There seems to be no end in sight for the miseries of Amazon workers in the US. In what appears to be the latest incidence of non-compliance of workplace safety, twenty-four workers had to be hospitalized after a robot at a New Jersey warehouse perforated a chemical repellant can be meant to repel bears, by accident at its New Jersey warehouse. However, no casualties were reported, and an Amazon spokesperson has said that all the workers injured in the accident are expected to be released from the hospital in the next 24 hours. This is one of several workplace conditions related complaints against the e-commerce giant in the US and UK over the past years.
The newly elected Mexican President, Andres Manuel Lopez Obrador proposed an increase in work visas for Central Americans and suggested that the US should go for a similar stance. This comes as part of negotiations with the US to curb the northward flow of immigrants. Lopez Obrador came up with a proposal for increasing investment in productive projects that will boost job creation. The number of illegal immigrants is the lowest in the past 20 years, but there is a spike in family and asylum seekers. The projects and investments target to bring down poverty and crime rate in the region. The plans set for the project include a refinery and two railway projects to generate jobs in Mexico and Central America.

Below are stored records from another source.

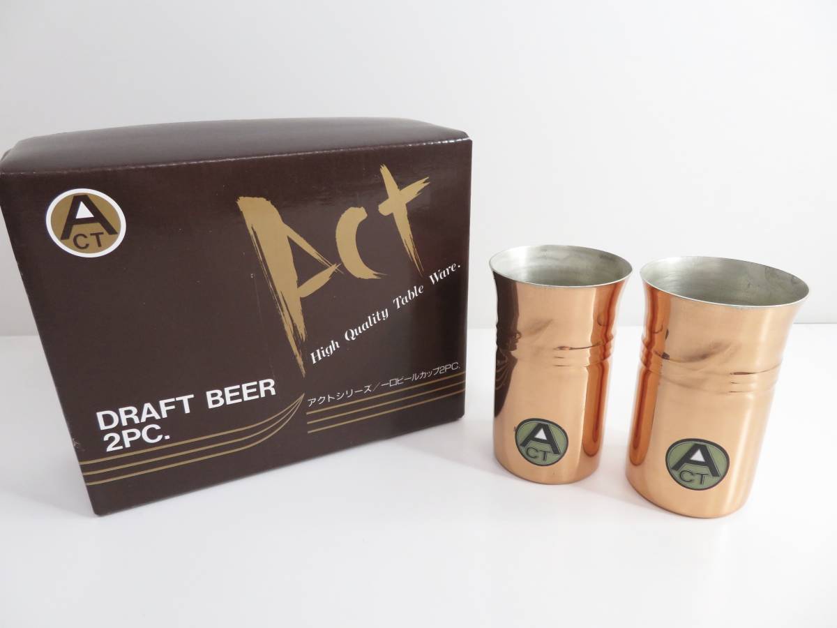 - ▲栗林商事 アクトシリーズ 一口ビールカップ 銅タンブラー 2客セット 箱あり 未使用品 管理2004 S-3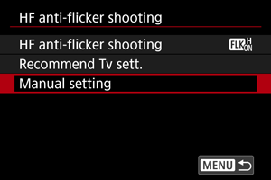 Pasirinkite parinktį [HF anti-flicker shooting/Fotografavimas sumažinant didelio dažnio sukeliamą mirgėjimą].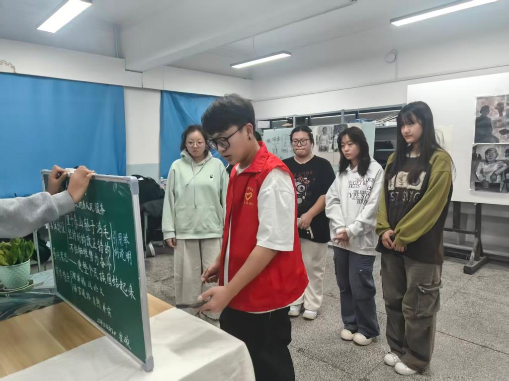 訓練期間,品軒書法社團骨干成員擔任助教,圍繞粉筆字板書布局、筆畫規范、結構比例等核心要點進行系統講授。針對同學們普遍存在的筆順混亂、間架松散、力度不均等問題,助教們采取“一對一指導+小組互評+范字臨摹”多維教學模式,循序漸進地幫助學生夯實基礎、突破瓶頸。從最初生澀的筆畫練習,到后期工整流暢的完整作品呈現,學生們在一筆一畫的錘煉中,不僅提升了書寫的實用性與美觀度,更深刻體悟到漢字所承載的審美意蘊與文化精神。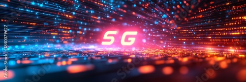 A dynamic 5G network design showcasing its speed and connectivity in the digital age. The image displays glowing blue and orange lights creating a futuristic atmosphere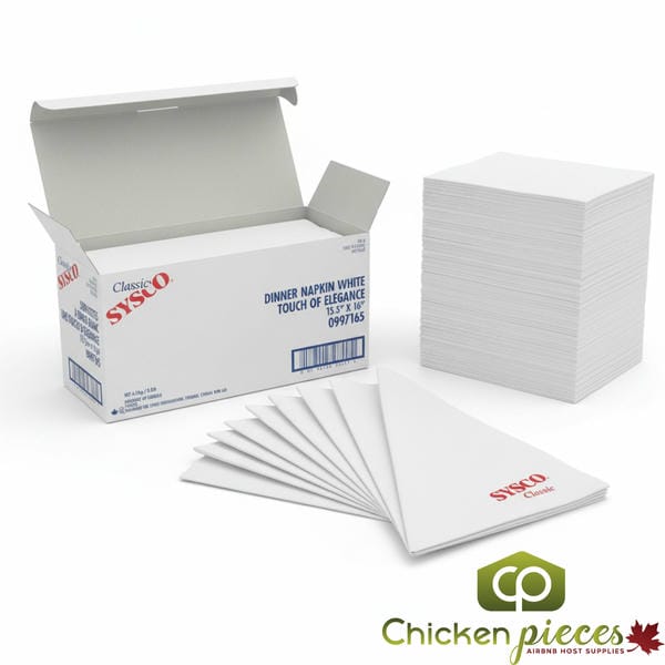 Packaged in cases of 5 packs of 100 napkins (500 total), these napkins ensure organized, easy access and reliable supply for high-volume foodservice operations. Soft, durable, and visually appealing, Sysco Classic White Dinner Napkins combine functionality with elegance, making them a practical yet sophisticated choice for any dining environment.

Croatia is staring at a grave labor shortage and its booming seaside resort sector is the one to take the maximum fall. National Employers’ Association HUP says that Croatian firms are failing to fill at least 30,000 jobs in a state-run economy. The bulk of it is in tourism that is 20% of their GDP. A gap between the education and economic requirement, skill mismatch and a brain drain towards countries in the Western EU are the key reasons, Croatia is falling behind in the race of becoming a prominent EU name. ABS, Sisak hired 71 employees in the last financial year, 40% of the interviewed candidates did not meet the basic skills and 43% of hires needed internal training to start the work.
Prominent name in French Pharmacy is looking to trim down the current 25,000 workforces in France by shedding 670 positions by 2020. Thierry Bodin, CGT union says that the intended job cuts will affect IT, HR and Finance among other departments. The company plans to outsource 80 IT positions. The decision is in the wake of overreaching the targeted $ 1.70 billion in savings by a year. The company intends to give cost-reduction a hearty push in a coming couple of years.

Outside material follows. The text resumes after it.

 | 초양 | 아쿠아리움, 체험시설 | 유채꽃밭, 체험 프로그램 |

One of corporate America’s most admired leaders, Robert Iger, the CEO of Disney is set to face a performance test even 13 years after he stepped into the CEO’s role at the media giant. While the stock hasn’t exactly been soaring lately, Iger’s proposed pay package, described as “exorbitant” by some media houses, was opposed by shareholders. Consequently, Disney moved to stipulate his compensation being tied to several performance metrics. Iger will now be eligible for upto 1.17 million Disney shares, currently valued at $135 million, if Disney beats 75% of the S&P 500 index from the present through 2021. He currently earns $3.5 million salary, bonus and other equity awards.